▶ [WORK TO BE COMPLETED]
Reading the records below, count the lines in which the string "with" appears; write the number only.
━━━━━━
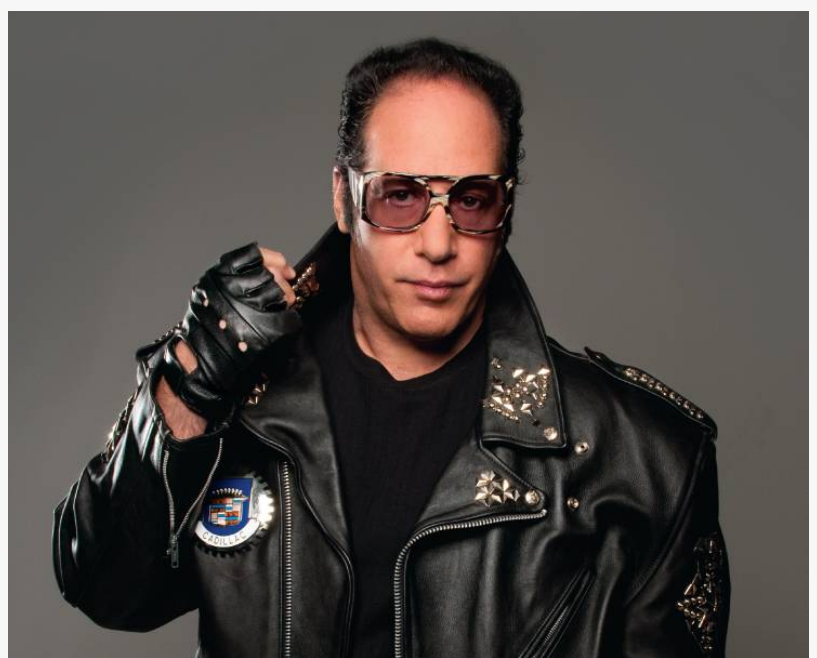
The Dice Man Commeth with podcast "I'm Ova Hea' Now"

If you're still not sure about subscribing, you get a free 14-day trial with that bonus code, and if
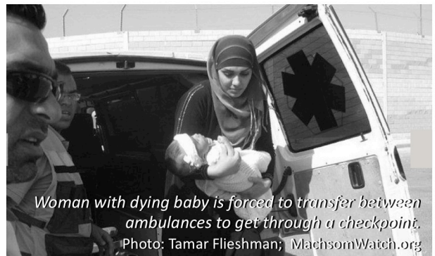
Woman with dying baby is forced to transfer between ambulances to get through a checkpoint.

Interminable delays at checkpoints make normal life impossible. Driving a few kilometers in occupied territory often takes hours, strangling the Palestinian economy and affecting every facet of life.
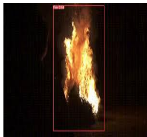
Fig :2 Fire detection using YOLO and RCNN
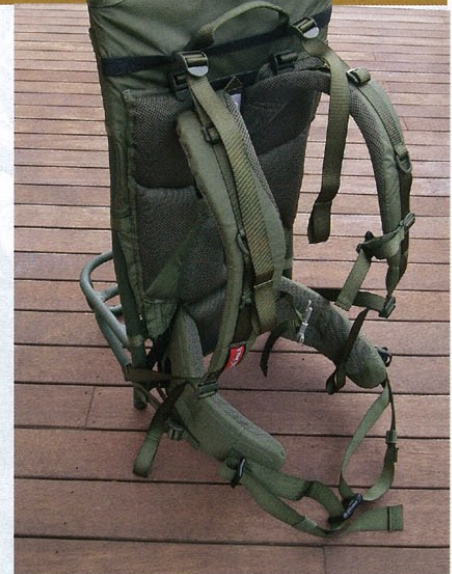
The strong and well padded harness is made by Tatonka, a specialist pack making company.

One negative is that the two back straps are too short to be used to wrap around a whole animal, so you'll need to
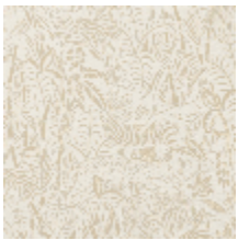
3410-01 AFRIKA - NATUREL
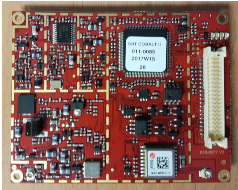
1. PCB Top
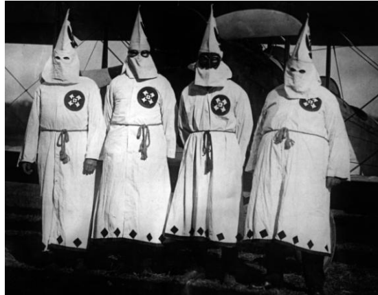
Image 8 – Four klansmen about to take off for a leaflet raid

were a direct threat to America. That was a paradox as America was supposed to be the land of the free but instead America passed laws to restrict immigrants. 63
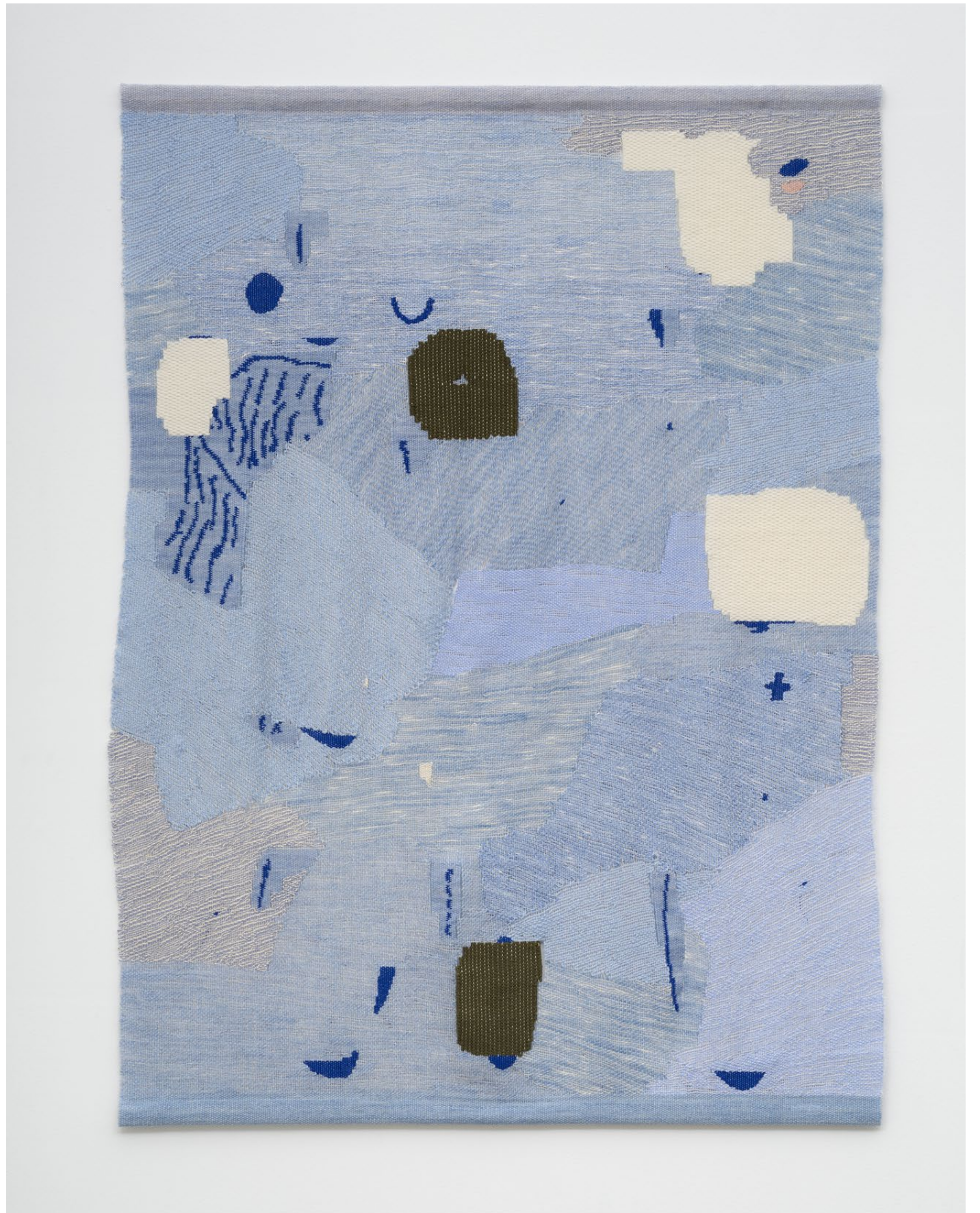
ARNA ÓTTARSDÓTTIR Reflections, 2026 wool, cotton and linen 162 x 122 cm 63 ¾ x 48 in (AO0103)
━━━━━━
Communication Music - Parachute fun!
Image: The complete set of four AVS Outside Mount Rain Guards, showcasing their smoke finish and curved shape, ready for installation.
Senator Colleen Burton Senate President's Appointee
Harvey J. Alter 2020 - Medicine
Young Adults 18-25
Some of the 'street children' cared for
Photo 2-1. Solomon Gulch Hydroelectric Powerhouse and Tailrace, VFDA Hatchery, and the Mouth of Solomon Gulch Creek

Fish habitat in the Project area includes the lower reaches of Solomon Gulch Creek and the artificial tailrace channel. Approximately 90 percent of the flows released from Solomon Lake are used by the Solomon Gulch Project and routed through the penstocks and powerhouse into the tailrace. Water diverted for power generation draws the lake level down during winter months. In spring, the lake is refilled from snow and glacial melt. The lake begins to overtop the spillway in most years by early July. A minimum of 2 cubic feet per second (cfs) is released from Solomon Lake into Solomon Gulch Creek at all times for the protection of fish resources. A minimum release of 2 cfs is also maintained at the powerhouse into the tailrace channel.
━━━━━━
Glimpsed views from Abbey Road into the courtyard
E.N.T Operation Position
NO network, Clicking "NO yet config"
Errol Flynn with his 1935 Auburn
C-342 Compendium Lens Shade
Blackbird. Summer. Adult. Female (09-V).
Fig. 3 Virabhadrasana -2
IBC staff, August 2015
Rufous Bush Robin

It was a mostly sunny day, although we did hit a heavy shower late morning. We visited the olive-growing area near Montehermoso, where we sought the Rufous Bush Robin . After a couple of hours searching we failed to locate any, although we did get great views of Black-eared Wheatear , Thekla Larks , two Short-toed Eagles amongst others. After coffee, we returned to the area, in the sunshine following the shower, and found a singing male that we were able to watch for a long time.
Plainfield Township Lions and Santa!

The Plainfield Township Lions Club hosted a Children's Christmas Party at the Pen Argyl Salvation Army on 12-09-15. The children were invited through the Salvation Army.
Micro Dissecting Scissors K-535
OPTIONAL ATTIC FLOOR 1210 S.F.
━━━━━━
▶ [OUTPUT FOR THIS TASK]
4